Storage in computers relies on physical disks, which are usually divided in two² types: mechanical hard drives (with spinning platters which store data magnetically; and solid-state drives (SSDs) which use flash memory for faster access times and improved reliability.

Linux exposes these storage devices through the "block I/O layer", which represents storage media as sequences of fixed-size blocks, typically 512 bytes or 4KB in size.

Access to the block layers happens through device files which are represented in /dev (usually /dev/sdX for SATA/SAS drives, /dev/nvmeXnY for NVME drives, but you can also find hdX, fdX, cdromX, ...).

These devices are identified as block devices during initialization by their respective drivers, which create the device files with type S_IFBLK

Firmware initialization

x86-64 computers require device-specific firmware to perform hardware initialization during power-on, so that they can load the operating system and hand over execution.
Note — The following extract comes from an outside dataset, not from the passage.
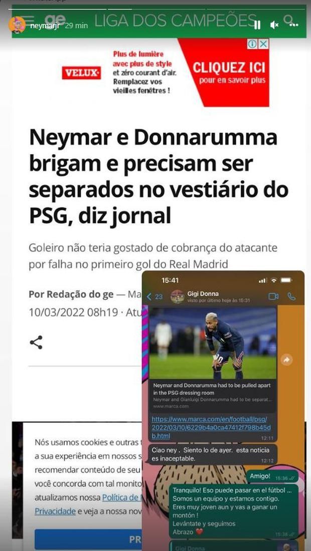 "Olá, Ney. Desculpe por ontem. Esta notícia é inaceitável", escreveu Donnarumma ao seu parceiro em um diálogo via WhatsApp. "Quieto. Isso pode acontecer no futebol. Somos uma equipe e estamos com você. Você ainda é muito jovem e vai ganhar muito. Levante-se e vamos continuar. Abraço”, apoiou o artilheiro do ‘Canarinha’.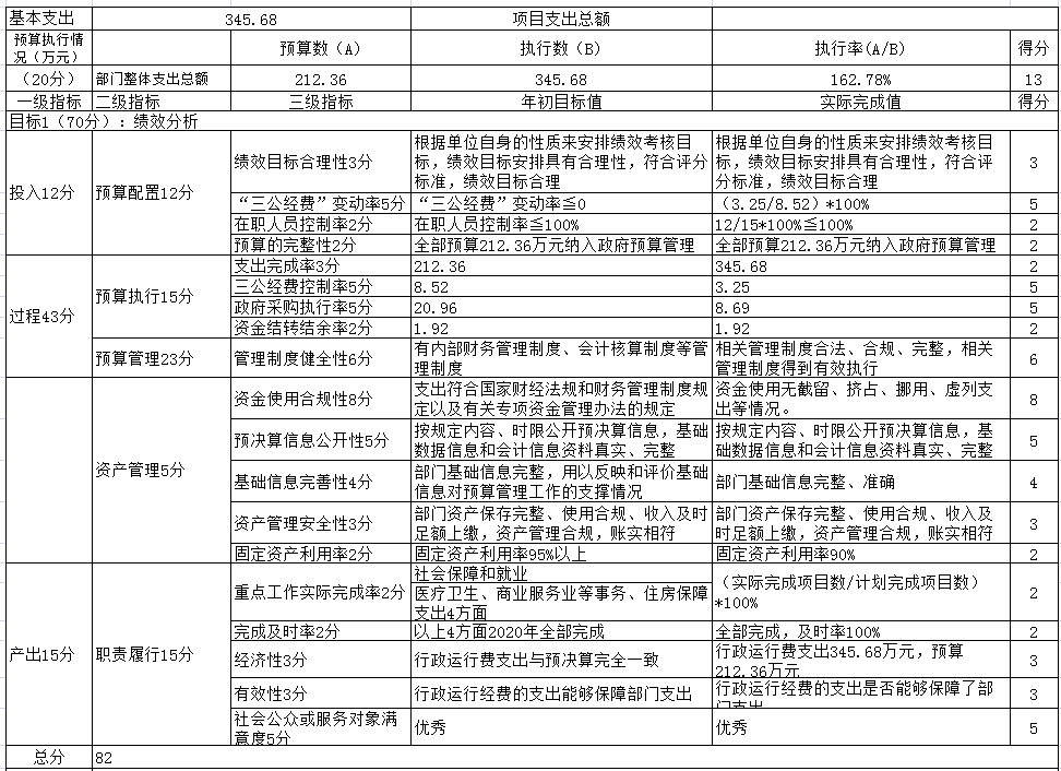 对比2020年的预决算数据, 2020年预算支出总金额345.68万元,支出调整预算数345.68万元,整体支出预算完成率为100%。2020年公用经费控制率、支出预算完成率、“三公”经费控制率等多项管理效率指标均已完成。

There are two standardized types of firmware to handle the booting process: (Legacy) BIOS and UEFI.

BIOS

The boot process on Legacy BIOS (1981) is very simple and I won't go into much detail.

BIOS will iterate through all devices and validate whether they are bootable by checking if they have a Master Boot Record on the first sector (which is defined as 512 bytes, even if modern devices have non-512b-sectors)

Whether there's an MBR present or not is defined by finding the MBR signature (0x55 0xAA) as the last two bytes in the sector. The layout is also quite simple:

If indeed there's an MBR on the disk, the code will be mapped at the physical address 0x7C00, then BIOS will jmp there, good luck!

BIOS is very simple but also quite limited. Having only 16 bytes of information per partition limits their maximum size to 2TiB (along with a maximum of 4 partitions). The small bootstrap area (446 bytes of code is not a lot, even with x86's dense instruction format) requires multiple stages of boot loaders to be chained.

UEFI

Given the limitations of BIOS, Intel started UEFI in ~2005³, which did overcome all of these limitations, but also became a massive beast⁴ .

At system power-on, the firmware needs to determine which disk to boot from, so it will check a set of variables (BootOrder, Boot####) in NVRAM for a pre-defined boot order (using gRT->GetVariable()).

If no valid boot order is stored in NVRAM, then UEFI will enumerate all connected storage devices by calling LocateHandle() with a SearchType of EFI_BLOCK_IO_PROTOCOL.

Once a disk is selected for booting, the firmware reads the GUID Partition Table (GPT) header.

The first 512 bytes of the disk usually contain a "protective" MBR, whose only purpose is to prevent old tools from considering the drive empty (and potentially overwriting data). This is not necessary.

The second logical block (LBA 1) contains the GPT header; there's also a backup GPT header at the very end of the disk.

So, we are at a point that UEFI has:

Initialized the hardware sufficiently to enumerate all block devices
Filtered said devices down to the ones with a valid GPT header
Picked a device to boot based on user preference (choice saved to NVRAM) or other algorithm (usually "first valid device")

How does UEFI find the bootloader?

First, it looks for EFI System Partition (ESP) on the disk, which has the GUID C12A7328-F81F-11D2-BA4B-00A0C93EC93B.

This partition must be formatted as FAT (12, 16 or 32) (which is probably good, FAT is very simple).

Inside that GUID-tagged, FAT-formatted partition, it will look for a file in the path \EFI\BOOT\BOOTX64.EFI (obviously, the filename is architecture dependent)⁵.

UEFI will load that file, which is a bootloader⁶ (in our case, this is GRUB2) in Portable Executable format, in memory and prepare to execute it.

The bootloader

In a UEFI system, the bootloader must be a Position Independent Executable (PIE), as there is no guarantee of the physical address at which it will be loaded.

When the bootloader is executed, it's still running in the UEFI environment, so it must be careful to not clobber any of UEFI's state, which is defined in a MemoryMap and can be obtained by calling the GetMemoryMap service.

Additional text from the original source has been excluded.